* WHAT THE TASK ASKS: Nothing but the lines below, from the first through the line containing "BRI303 JACKPOT FISHING", should be set down, each one exactly and without pictures.

* SUPPLIED DATA:
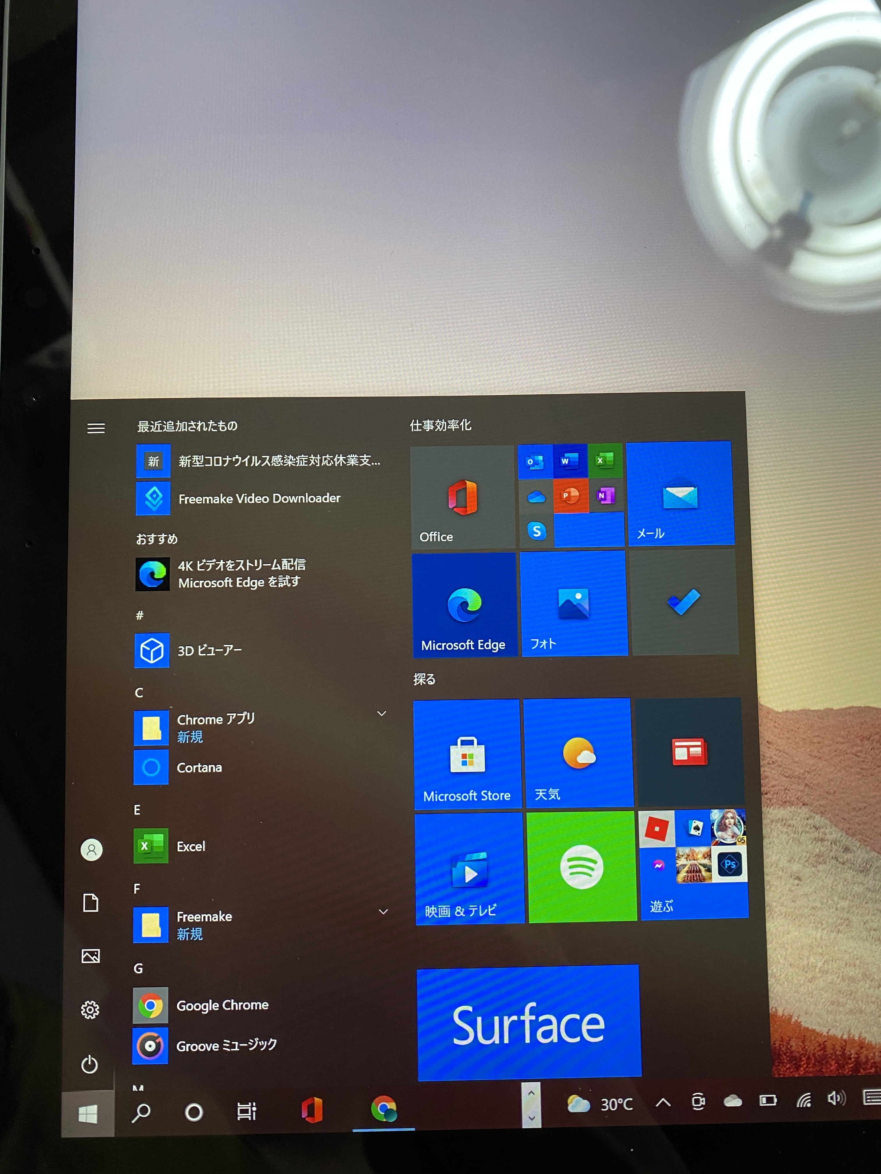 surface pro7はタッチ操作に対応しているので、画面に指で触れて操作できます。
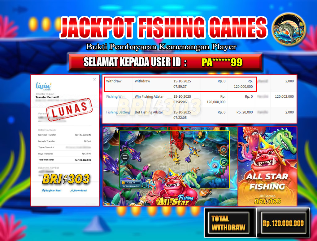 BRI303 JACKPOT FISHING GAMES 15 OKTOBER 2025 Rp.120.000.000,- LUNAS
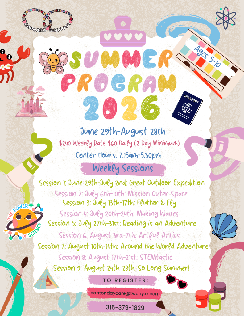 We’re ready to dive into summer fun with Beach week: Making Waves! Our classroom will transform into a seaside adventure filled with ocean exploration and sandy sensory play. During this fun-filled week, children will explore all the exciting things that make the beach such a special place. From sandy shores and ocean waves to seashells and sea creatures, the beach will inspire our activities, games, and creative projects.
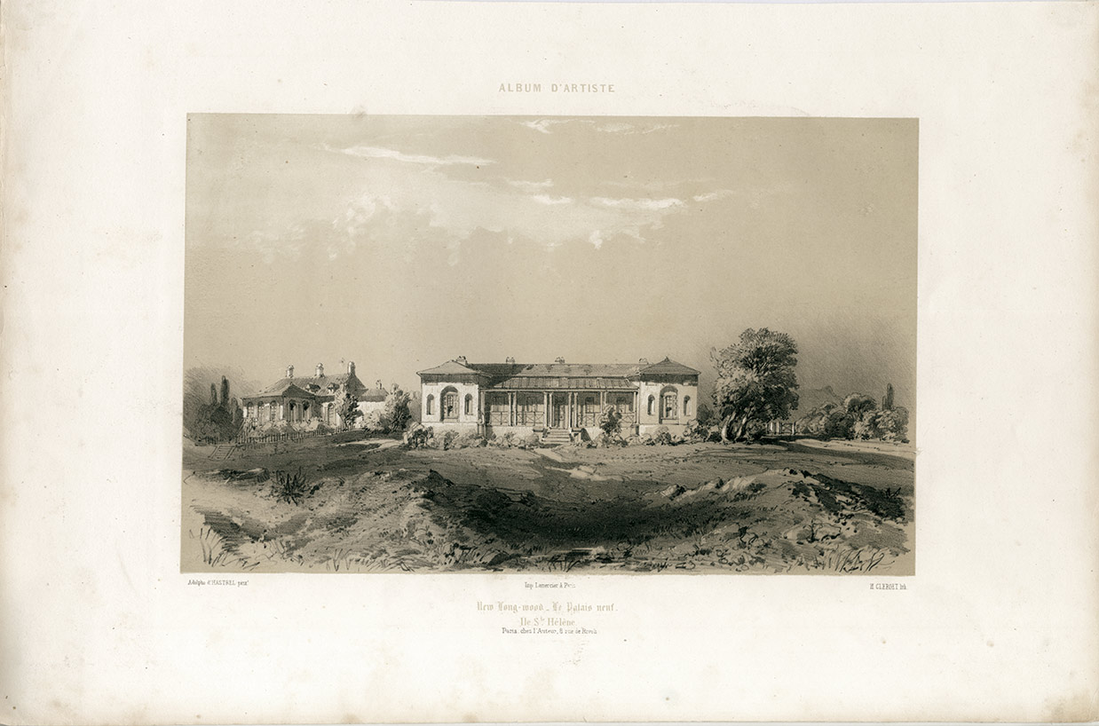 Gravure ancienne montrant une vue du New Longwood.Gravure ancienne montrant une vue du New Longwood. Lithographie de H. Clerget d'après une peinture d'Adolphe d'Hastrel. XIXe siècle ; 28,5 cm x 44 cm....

* TASK SOLUTION:
 surface pro7はタッチ操作に対応しているので、画面に指で触れて操作できます。
 BRI303 JACKPOT FISHING GAMES 15 OKTOBER 2025 Rp.120.000.000,- LUNAS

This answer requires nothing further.